The school didn't have class Wednesday through today for teacher conventions, which let the cleaning contractor do a more thorough job in the building this week to eliminate as many germs as possible.

The time off also gave students a break from being in close contact with each other, which could help prevent more illnesses from happening. "We're hoping that because the kids have been out for three days, things will calm down a little bit with the flu," she said.


Extra steps

Still, Triance said Riverside hasn't had to take as drastic of steps as the Warren-Alvarado-Oslo district, which cancelled class Wednesday after nearly half of its high school students were home sick with the flu.
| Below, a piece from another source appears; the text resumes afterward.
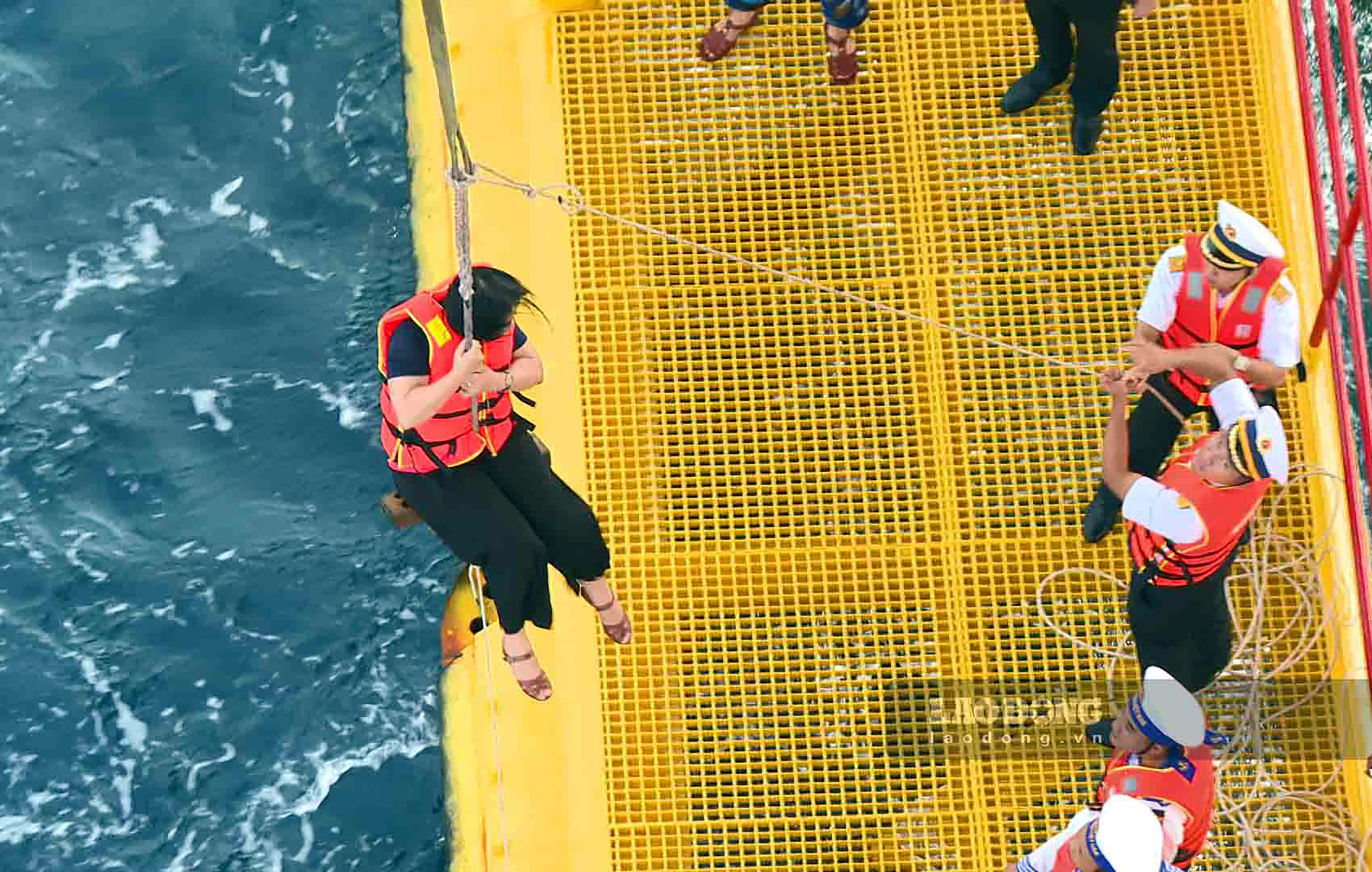 Đưa người và hàng hóa lên nhà giàn bằng hình thức đu dây, cách mà có lẽ chỉ có ở Nhà giàn DK1 thực sự thú vị với người được chứng kiến, trải nghiệm, và cũng minh chứng cho sự sáng tạo, vượt khó của chiến sĩ Hải quân Việt Nam.

The school did some extra sanitizing measures this week, but she said it was mostly standard cleaning practices. "There was extra cleaning going on but it wasn't like we had a company come in and fumigate the place," she said.

Workers clean the classrooms each day once school is out, and teachers have been wiping down desks and using sanitizing sprays all year as an extra step.

But the school is focusing more on cleanliness than regular years because of flu concerns. Students use hand sanitizer before eating lunch, teachers encourage frequent hand washing and workers wipe down door knobs, keyboards and other commonly-touched items.

"We're taking the same precautions and stuff as other schools," Triance said.

Other schools

Schools across the state didn't have class Thursday and today for the Education Minnesota Conference held each October, which gave some of the hardest-hit districts a chance to sanitize and sometimes fumigate buildings.


The state Health Department said 215 schools reported outbreaks of flu-like illnesses the first full week of October, 90 more than the previous week.

Sacred Heart Catholic School had its teachers do a little more cleaning within their classrooms this week, Principal David Andrys said. But the school has been "very good" this year and hasn't had many flu-related absences, he said.

The city's four public schools weren't doing any additional cleaning beyond what they usually do, a district receptionist said.